Figure 5. (A-D) OPLS-DA score plots with their respective loading S-plots (A′-D′) derived from 1D 1H CPMG NMR spectra. (E-H) OPLS-DA score plots with their respective loading S-plots (E’-H’) derived from 1D DE ¹H NMR spectra. The notions used in the Figure represent respectively: Control (NC), DMH (TC), DMH⁺5-FU (PC), DMH⁺PA-10mg (DA) and DMH⁺PA-25 mg (DB) groups.

Table 3. Goodness-of-fit of the PLS-DA models obtained from 1D CPMG and 1D DE of rat serum samples.

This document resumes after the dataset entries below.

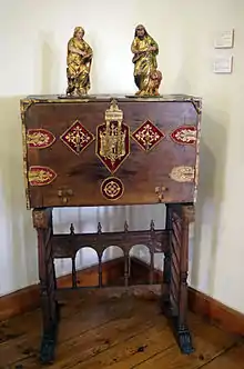 Pour Eberlein et Burr, c'est un meuble d'origine espagnole créé à partir du coffre de mariée catalan (XVIe siècle) qui est lui-même une évolution des coffres mudéjars maquettés de cette époque. La relation familiale de la Couronne Espagnole avec l'empire autrichien permit l'exportation du meuble qui fut rapidement imité par les artisans allemands, en particulier à Augsbourg, ville des Fugger, banquiers de Charles Quint. La production allemand supplanta progressivement le meuble espagnol, jusqu'à la promulgation d'une loi de Philippe III d'Espagne interdisant l'importation de secrétaire d'Allemagne".[5]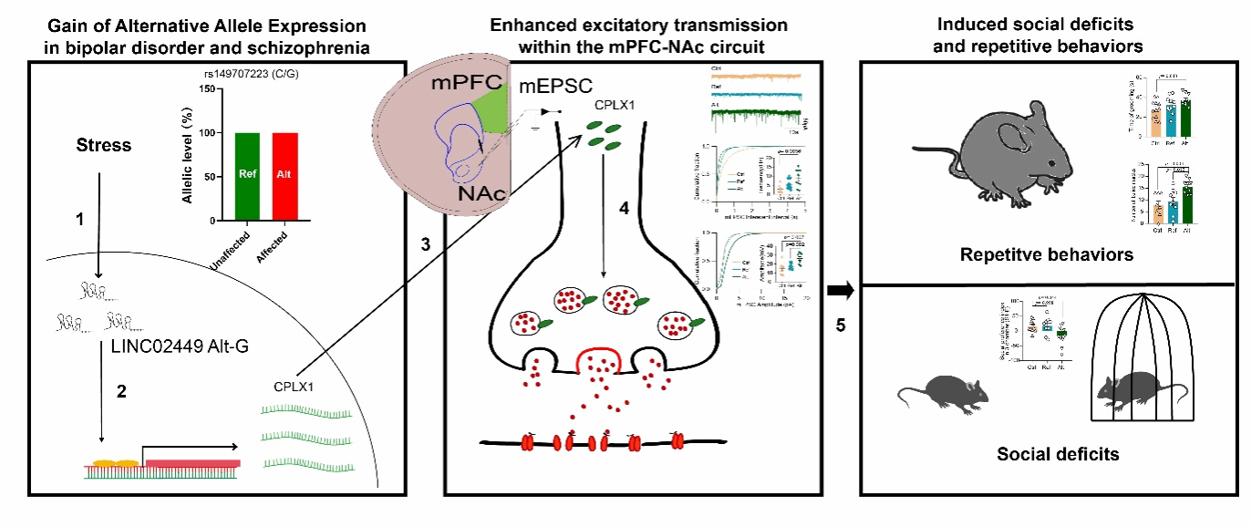 近日,医学遗传学教研室赵存友团队在Nature Communications上,在线发表了题为Gain of Alternative Allele Expression of LINC02449 at rs149707223 in Schizophrenia and Bipolar Disorder: Inducing Synaptic Transmission and Behavioral Deficits in Mice的论文,揭示了从非编码遗传变异到行为异常——等位基因特异性表达参与的精神疾病新机制。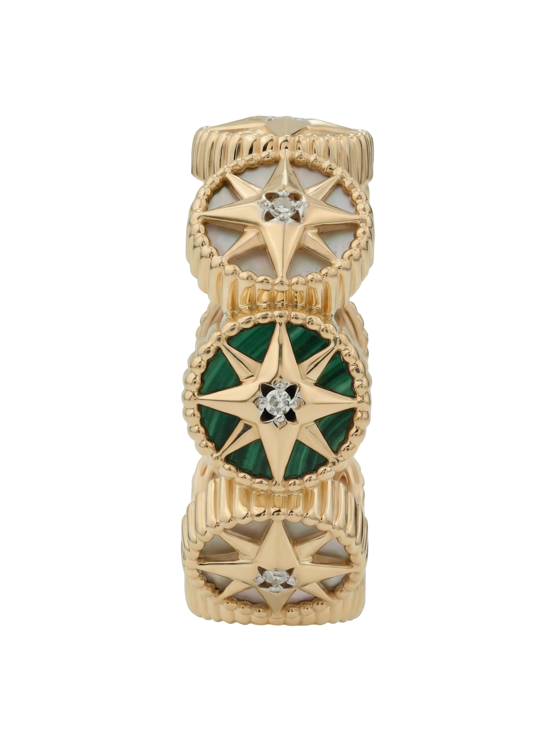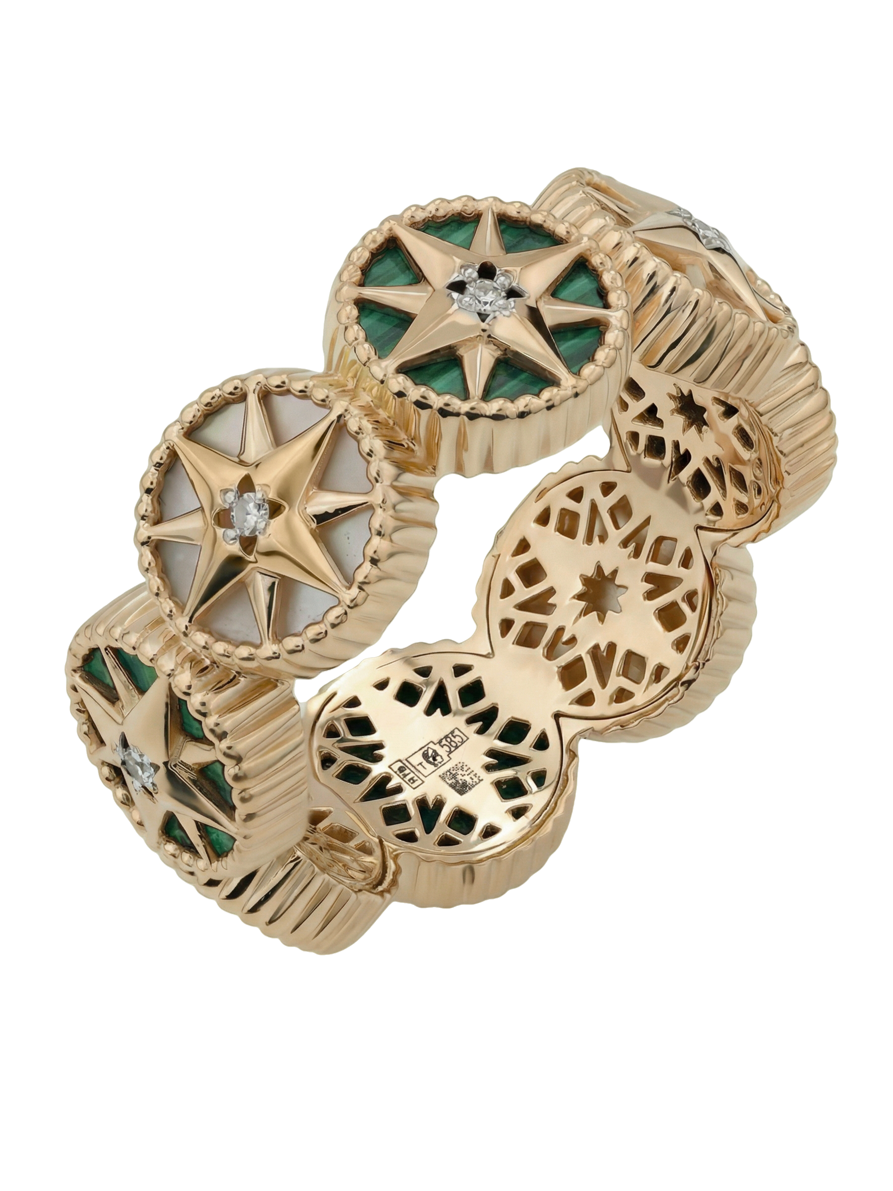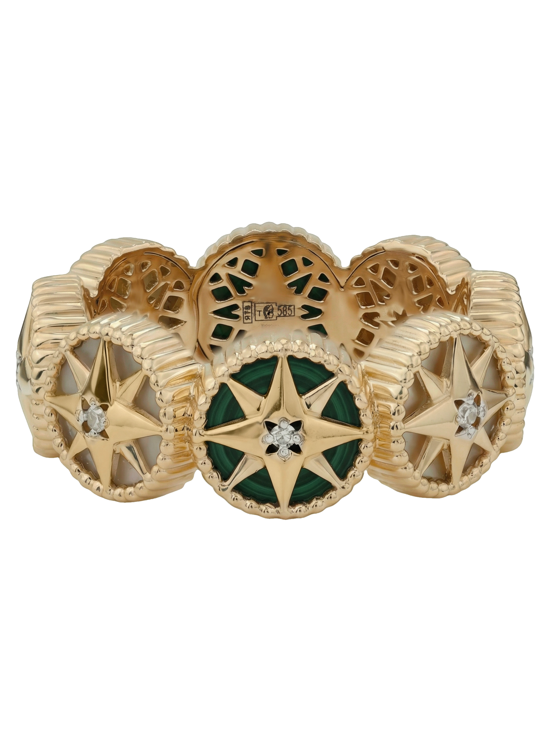 Кольцо из красного золота 585 пробы c бриллиантами, малахитом и перламутром

Comparison	NMR spectra	R^2Y (cum)	Q^2 (cum)	Number of latent variables
Control vs DMH	1D CPMG	0.89	0.59	5
DMH vs DMH +5-FU	1D CPMG	0.72	0.26	5
DMH vs DMH +PA-10 mg	1D CPMG	0.99	0.76	5
DMH vs DMH +PA-25 mg	1D CPMG	0.99	0.79	5
Control vs DMH	1D DE	0.82	0.55	5
DMH vs DMH +5-FU	1D DE	0.99	0.40	5
DMH vs DMH +PA-10 mg	1D DE	0.95	0.81	5
DMH vs DMH +PA-25 mg	1D DE	0.97	0.84	5

Metabolic changes during carcinogenic condition with treatments

As depicted in Fig. 5, PLS-DA data showed both the individuals and pairwise analysis revealed R² = 0.90, Q² ≥ 0.59, indicating the significant metabolic changes in colonic rat serum. The key observation of metabolic differences between the control and DMH groups (carcinogen control) along with their chemical shifts (δ), variable importance on projection (VIP) score and p-value are listed in Table 4. There were significant increased levels of acetate, glutamine, o-acetyl-glycoprotein, succinate, citrulline, choline, o-acetyl choline, tryptophan, glycerol, creatinine, lactate, citrate and decreased levels of 3-hydroxy butyrate, dimethyl amine, glucose, maltose, myoinositol in DMH treated group (Table 4). All these metabolites became normalized after the administration of PA, particularly at 25 mg/kg dose.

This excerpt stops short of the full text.